The delivery of the octuplets, via a scheduled Caesarean section, involved 46 medical personnel, and was practiced twice beforehand at the Kaiser Permanente hospital in Bellflower, California. The infants (six boys and two girls) were born at 30½ weeks of gestation, approximately nine weeks premature. They ranged in weight from 1 pound, 8 ounces  to 3 pounds, 4 ounces.

 

As sordid as conception in the backseat of a Chevy might seem, this would have been many people’s chosen method rather than hear of her medically assisted procedure introduced by California doctor Michael M. Kamrava.  Last year, Suleman resorted to In Vitro Fertilization using a single sperm donor supposedly named "David Solomon" (a male friend of Suleman) to father all of her children.

 

“What I want to know is what void is she trying to fill by having all these babies?” said Dr. Norma McPherson, literacy coach at P.S. 81 in Brooklyn, NY. “And, there is no real man to speak of.”

 

Just like McPherson, many are dubbing her pregnancies Suleman’s own peculiar method of healing from her failed marriage in 2001 and the three miscarriages she had during that time.

 

When asked on The Oprah Winfrey Show about his daughter's rationale for having 14 children, father Edward Doud Suleman, said: "Now, I'm no psychiatrist, but I question her mental situation."

Edward Doud Suleman, identifying himself as a 67-year-old former Iraqi military man, says he is returning to his native Iraq as a translator and driver in order to financially support his daughter and her children. Nadya’s mother, 69-year-old Angela Victoria Suleman, a retired teacher, has been helping to look after the first six children. She has indicated in recent public statements that she is overwhelmed, stating that her retirement check is gone as soon as it comes and that her daughter has not contributed toward housing or food costs.

Before knowledge of the octuplets became public, Suleman had been living with her children and mother in a small three-bedroom house in Whittier, California. Property records show the Suleman house in mortgage default and could be sold at auction in May. Suleman's parents filed for bankruptcy in 2008 claiming nearly $1 million in liabilities and abandoned another home in late 2007. As of February 2009, Suleman was receiving $490 per month in food stamps along with disability payments for three of her six previous children.

While mockery and ridicule are hurled at Suleman here in the States, one must wonder if it is the prevailing western view that has tainted our view of motherhood which should be adorned in glory and splendor. Would she receive the same kind of ridicule in Iraq, in Israel, or in the Congo?

The use of IVFs, the absentee husband and the financial instability, notwithstanding, when a woman mothers more than three children in Western society, her neighbors’ eyebrows begin to raise.

Lakisha Trader, a woman in her twenties living in Brooklyn, NY, claims that her being a mother to 10 children is rarely celebrated in her community, even though she is married to the father of them all. The information is usually accompanied by gasps, incredulous nods, or looks of horror.
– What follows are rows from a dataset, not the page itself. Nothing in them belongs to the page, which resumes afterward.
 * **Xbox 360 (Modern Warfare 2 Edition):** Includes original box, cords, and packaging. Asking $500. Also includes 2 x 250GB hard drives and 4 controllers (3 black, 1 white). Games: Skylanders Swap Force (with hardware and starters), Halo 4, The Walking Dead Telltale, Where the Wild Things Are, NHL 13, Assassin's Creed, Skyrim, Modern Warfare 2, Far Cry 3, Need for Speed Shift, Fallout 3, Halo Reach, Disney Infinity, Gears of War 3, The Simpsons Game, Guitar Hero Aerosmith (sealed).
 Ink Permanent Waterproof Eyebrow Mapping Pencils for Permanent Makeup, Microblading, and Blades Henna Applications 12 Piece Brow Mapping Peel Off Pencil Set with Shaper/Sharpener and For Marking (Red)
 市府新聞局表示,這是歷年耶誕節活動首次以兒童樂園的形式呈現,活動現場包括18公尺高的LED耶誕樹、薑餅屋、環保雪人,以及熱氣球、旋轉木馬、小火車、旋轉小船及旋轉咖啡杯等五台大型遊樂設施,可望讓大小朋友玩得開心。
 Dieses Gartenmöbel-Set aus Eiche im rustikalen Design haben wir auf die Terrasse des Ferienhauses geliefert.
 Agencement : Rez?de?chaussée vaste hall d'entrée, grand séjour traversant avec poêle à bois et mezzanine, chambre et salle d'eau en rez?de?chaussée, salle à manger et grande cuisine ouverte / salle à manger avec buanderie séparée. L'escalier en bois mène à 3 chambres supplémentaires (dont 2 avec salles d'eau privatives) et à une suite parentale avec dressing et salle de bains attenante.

“But, when I take my kids to their Jewish pediatrician, the fact that I have that many children is the norm,” she said. “They love big families.”

Just as in the Holy Scriptures, a Jewish person believes a fruitful woman is cause to rejoice not snicker or stammer. Barren women in The Old Testament such as Sarai and Hannah wept and prayed day after day for God to bless their wombs. It was, and still is, a great honor to mother children in the Jewish tradition.
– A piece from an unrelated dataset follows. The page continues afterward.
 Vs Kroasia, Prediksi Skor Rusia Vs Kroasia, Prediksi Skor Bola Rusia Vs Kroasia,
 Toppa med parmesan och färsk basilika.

The Suleman pregnancy is ironic in an age where Evangelical Christians, right-to-lifers of all faiths and Planned Parenthood proponents are embroiled in  fierce debate.  Wouldn’t one expect a person of faith to be far more supportive of a woman who is bringing forth life, not cutting it short? Or has the IVF procedure exempt her from receiving this kind of support?

As it stands, many would claim that a woman’s career and success in industry has overshadowed the blessing of the fruit of one’s loins. Moreover, Western society’s obsession with leisure and early retirement has finally trumped the desire of being blessed with a large family, for with it comes labor and time and attention to ensure that they’re not all screw-ups.

Well, Nadya Suleman has stepped up to the plate. Let’s pray she hits a home run!